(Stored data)
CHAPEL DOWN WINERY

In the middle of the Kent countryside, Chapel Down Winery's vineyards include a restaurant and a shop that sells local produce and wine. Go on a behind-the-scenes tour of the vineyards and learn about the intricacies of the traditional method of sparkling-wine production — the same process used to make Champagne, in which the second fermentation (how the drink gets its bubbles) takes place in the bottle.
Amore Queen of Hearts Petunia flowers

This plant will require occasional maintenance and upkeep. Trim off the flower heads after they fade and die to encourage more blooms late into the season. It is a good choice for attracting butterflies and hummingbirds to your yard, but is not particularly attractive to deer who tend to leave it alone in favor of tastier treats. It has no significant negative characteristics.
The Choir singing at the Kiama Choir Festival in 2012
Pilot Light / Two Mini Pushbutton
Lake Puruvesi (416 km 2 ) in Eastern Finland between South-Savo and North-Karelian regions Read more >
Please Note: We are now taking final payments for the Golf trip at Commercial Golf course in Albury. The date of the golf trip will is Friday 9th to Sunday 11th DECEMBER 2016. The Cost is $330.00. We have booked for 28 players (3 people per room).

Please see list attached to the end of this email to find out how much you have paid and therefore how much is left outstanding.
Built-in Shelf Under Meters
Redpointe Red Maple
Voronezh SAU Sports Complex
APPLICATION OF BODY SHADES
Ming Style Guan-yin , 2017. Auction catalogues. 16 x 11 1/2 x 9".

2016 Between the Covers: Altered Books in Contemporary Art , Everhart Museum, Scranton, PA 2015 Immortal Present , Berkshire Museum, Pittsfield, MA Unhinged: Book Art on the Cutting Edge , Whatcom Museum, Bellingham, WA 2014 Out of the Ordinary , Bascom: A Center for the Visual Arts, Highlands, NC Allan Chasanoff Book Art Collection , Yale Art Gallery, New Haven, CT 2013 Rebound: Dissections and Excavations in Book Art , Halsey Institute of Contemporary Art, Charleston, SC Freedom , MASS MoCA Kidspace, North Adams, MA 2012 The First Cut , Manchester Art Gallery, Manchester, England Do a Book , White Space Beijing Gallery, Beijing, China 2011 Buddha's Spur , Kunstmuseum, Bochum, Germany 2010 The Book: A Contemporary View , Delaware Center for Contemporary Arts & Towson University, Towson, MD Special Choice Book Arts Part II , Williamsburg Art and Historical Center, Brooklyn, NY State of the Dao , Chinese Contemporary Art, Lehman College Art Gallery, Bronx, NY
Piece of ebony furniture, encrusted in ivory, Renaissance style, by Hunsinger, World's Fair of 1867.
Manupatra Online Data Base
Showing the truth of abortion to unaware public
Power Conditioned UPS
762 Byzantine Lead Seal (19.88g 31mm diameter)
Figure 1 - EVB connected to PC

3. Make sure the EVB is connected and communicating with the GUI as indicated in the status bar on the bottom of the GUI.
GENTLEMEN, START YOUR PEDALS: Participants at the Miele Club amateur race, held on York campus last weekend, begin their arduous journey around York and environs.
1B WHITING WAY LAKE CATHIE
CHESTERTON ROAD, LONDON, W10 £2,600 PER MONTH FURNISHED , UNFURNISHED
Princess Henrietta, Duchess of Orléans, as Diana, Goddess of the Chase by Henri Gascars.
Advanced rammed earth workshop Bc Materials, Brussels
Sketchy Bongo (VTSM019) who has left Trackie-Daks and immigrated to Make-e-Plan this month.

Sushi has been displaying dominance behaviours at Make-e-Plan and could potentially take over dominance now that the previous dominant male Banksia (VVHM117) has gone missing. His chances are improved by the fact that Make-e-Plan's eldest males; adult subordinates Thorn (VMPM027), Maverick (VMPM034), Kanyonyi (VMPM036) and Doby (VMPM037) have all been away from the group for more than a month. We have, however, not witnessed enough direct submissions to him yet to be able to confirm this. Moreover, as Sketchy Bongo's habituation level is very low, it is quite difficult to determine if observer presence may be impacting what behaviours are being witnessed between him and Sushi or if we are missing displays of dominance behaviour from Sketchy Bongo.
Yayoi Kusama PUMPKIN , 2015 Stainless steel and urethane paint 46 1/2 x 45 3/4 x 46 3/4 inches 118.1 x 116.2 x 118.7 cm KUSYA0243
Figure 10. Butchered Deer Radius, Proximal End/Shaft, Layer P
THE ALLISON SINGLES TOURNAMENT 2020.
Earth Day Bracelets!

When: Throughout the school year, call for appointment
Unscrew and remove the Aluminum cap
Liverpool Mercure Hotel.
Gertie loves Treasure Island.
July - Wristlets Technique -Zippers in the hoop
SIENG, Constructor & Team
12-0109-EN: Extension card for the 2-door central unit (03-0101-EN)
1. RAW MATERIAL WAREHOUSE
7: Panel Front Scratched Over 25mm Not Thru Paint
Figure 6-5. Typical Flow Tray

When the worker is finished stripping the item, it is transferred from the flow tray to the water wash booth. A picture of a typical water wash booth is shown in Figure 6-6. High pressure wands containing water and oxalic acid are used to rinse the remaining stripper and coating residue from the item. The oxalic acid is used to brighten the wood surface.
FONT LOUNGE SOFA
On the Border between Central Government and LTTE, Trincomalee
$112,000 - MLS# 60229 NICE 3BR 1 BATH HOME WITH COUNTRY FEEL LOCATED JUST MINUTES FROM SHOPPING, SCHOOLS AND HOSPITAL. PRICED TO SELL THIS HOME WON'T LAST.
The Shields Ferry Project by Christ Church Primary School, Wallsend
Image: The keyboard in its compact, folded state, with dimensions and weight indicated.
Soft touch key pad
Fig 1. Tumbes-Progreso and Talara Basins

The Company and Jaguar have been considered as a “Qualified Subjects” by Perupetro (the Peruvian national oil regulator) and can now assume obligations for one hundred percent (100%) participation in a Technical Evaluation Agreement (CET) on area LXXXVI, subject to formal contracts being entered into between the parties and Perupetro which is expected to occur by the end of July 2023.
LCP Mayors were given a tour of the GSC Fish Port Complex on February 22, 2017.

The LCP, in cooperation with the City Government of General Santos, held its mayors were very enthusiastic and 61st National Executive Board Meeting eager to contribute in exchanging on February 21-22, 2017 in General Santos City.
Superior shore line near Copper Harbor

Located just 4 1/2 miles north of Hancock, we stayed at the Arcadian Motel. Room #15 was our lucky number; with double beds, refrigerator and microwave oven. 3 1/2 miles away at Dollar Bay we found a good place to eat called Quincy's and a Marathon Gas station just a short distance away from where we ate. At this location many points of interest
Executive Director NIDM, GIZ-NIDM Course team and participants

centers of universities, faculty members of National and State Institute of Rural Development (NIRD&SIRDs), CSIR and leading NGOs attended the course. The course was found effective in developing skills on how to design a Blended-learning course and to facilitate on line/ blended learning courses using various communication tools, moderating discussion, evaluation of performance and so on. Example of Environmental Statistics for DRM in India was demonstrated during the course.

=== Exercise brief ===
All lines in the data above from the one with "CHESTERTON ROAD, LONDON, W10" through the one with "7: Panel Front" must be repeated exactly, and no others.

=== Solved exercise ===
CHESTERTON ROAD, LONDON, W10 £2,600 PER MONTH FURNISHED , UNFURNISHED
Princess Henrietta, Duchess of Orléans, as Diana, Goddess of the Chase by Henri Gascars.
Advanced rammed earth workshop Bc Materials, Brussels
Sketchy Bongo (VTSM019) who has left Trackie-Daks and immigrated to Make-e-Plan this month.

Sushi has been displaying dominance behaviours at Make-e-Plan and could potentially take over dominance now that the previous dominant male Banksia (VVHM117) has gone missing. His chances are improved by the fact that Make-e-Plan's eldest males; adult subordinates Thorn (VMPM027), Maverick (VMPM034), Kanyonyi (VMPM036) and Doby (VMPM037) have all been away from the group for more than a month. We have, however, not witnessed enough direct submissions to him yet to be able to confirm this. Moreover, as Sketchy Bongo's habituation level is very low, it is quite difficult to determine if observer presence may be impacting what behaviours are being witnessed between him and Sushi or if we are missing displays of dominance behaviour from Sketchy Bongo.
Yayoi Kusama PUMPKIN , 2015 Stainless steel and urethane paint 46 1/2 x 45 3/4 x 46 3/4 inches 118.1 x 116.2 x 118.7 cm KUSYA0243
Figure 10. Butchered Deer Radius, Proximal End/Shaft, Layer P
THE ALLISON SINGLES TOURNAMENT 2020.
Earth Day Bracelets!

When: Throughout the school year, call for appointment
Unscrew and remove the Aluminum cap
Liverpool Mercure Hotel.
Gertie loves Treasure Island.
July - Wristlets Technique -Zippers in the hoop
SIENG, Constructor & Team
12-0109-EN: Extension card for the 2-door central unit (03-0101-EN)
1. RAW MATERIAL WAREHOUSE
7: Panel Front Scratched Over 25mm Not Thru Paint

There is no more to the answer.